Выбрать главу

Кенелм ответил ему:

— Друг мой, не обижайся, но знай, что благоразумнее любить правду и лишения, нежели — славу и почет, добытые подлостью.

Вот святое Евангелие Господа нашего Иисуса Христа и учит нас любить правду, бороться за нее до смерти, любить в каждом человеке ту капельку добра, которая хранится в глубине его души, не бояться страданий, лишений за истину, если даже это стоило бы и самой жизни.

В акафисте святому Николаю Чудотворцу мы читаем такие слова: “Радуйся, учителю Божественных велений; радуйся, губителю богопротивных учений” (Ик. 9).

Святой Тихон Задонский, проникнутый чувством сокрушения о грехах человеческих, падши ниц, рыдая говорил: “Господи, пощади! Кормилец, помилуй! Потерпи, Благость наша, грехам нашим! Услышь, и не погуби нас со беззакониями нашими!”

“Восстану же я и пойду по городу, по улицам и площадям, и буду искать Того, Кого любит душа моя”

(Песнь песней 3, 2).

ХРИСТОС

Он отказался от противоборства, Как от вещей, полученных взаймы, От всемогущества и чудотворства, И был теперь, как смертный, как все мы.
Ночная даль теперь казалась краем Уничтожения и небытия… Простор вселенной был необитаем, И только сад был местом для житья.
И глядя в эти черные провалы, Пустые, без начала и конца, Чтоб эта чаша смерти миновала, В поту кровавом Он молил Отца…
Смягчив молитвой смертную истому, Он вышел за ограду. На земле Ученики, осиленные дремой, Лежали в придорожном ковыле.
И разбудил их: “Вас Господь сподобил Жить в эти дни, вы ж разлеглись, как пласт. Час Сына Человеческого пробил, Он в руки грешников Себя предаст”.
И лишь сказал — неведомо откуда Толпа рабов и скопище бродяг, Огни, мечи, и впереди — Иуда С предательским лобзаньем на устах.
Петр дал мечом отпор головорезам, И ухо одному из них отсек, Но слышит: “Спор нельзя решать железом, Вложи свой меч на место, человек!
Неужто тьмы крылатых легионов Отец не снарядил бы Мне сюда, И волоска тогда на Мне не тронув, Враги рассыпались бы тотчас без следа.
Но книга Жизни подошла к странице, Которая дороже всех святынь, Сейчас должно написанное сбыться, Навек разрушив гордости твердынь.
Ты видишь, ход веков подобен притче, Мир может загореться на ходу. Во имя стройного его величья Я в добровольных муках в гроб сойду.
Я в гроб сойду и в третий день воскресну! Ко Мне на суд народы все придут. Настанут дни таинственно чудесны, Они спешат! Они грядут, грядут!…”

* * *

Но кто это так горько плачет? Стоны, стоны и жалобный вопль; как малый ребенок, когда потеряет свою родную маму. Чуть-чуть уймется стенание и вновь усиливается в своей невысказанной страстности и безутешности.
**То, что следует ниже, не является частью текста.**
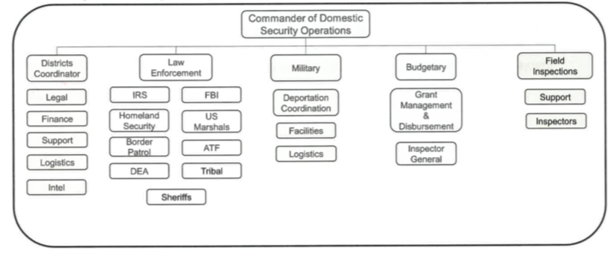 Per the internal Project 2025 documents, Headquarters Command is to be directed by a Commander of Domestic Security Operations, who will be “appointed by the President of the United States and take direction on how to conduct operations in a manner decided by the President.”

… Пройдя несколько шагов в сторону от дороги, он увидел человека, сидящего на зеленой траве. Был ли это юноша или девушка — неизвестно. Одетый в хорошее нарядное платье, человек закрыл лицо обеими руками и горько плакал. Движимый чувством гуманности, он подошел к плачущему, и, как бы смущаясь своим вмешательством, тихо и мягко спросил:

— Не могу ли вам чем помочь?

К нему повернулось красивое молодое лицо с большими глазами, полными слез.

— Вам трудно, вы несчастны? — снова спросил он.

О, ужас! В ответ раздался ужасный хохот, будто глупого человека, и полился поток гневных обличительных слов.

— Вы берете на себя роль благотворителя и гуманиста. Тогда как сами несчастны до мозга костей. Вон отсюда! Идите, откуда пришли, прочь!

Он был поражен такой неожиданностью, но, овладев собой, стоял, не сходя с места. Когда окончился гневный поток речи страждущего, и, кажется, приступ миновал, он опять также тихо сказал:

— Вы, юноша, очень опрометчиво поступаете со мною, тогда как я мог бы быть вам полезен.

— Я не юноша и не девушка, — ответил тот.

— Кто же вы такой? — удивился он.

— Я — “юность”.

— Вы — юность нашего века? — уточнил он, все более удивляясь.

— Да, текущего века. Но почему вы так любопытны? — в свою очередь задала вопрос юность.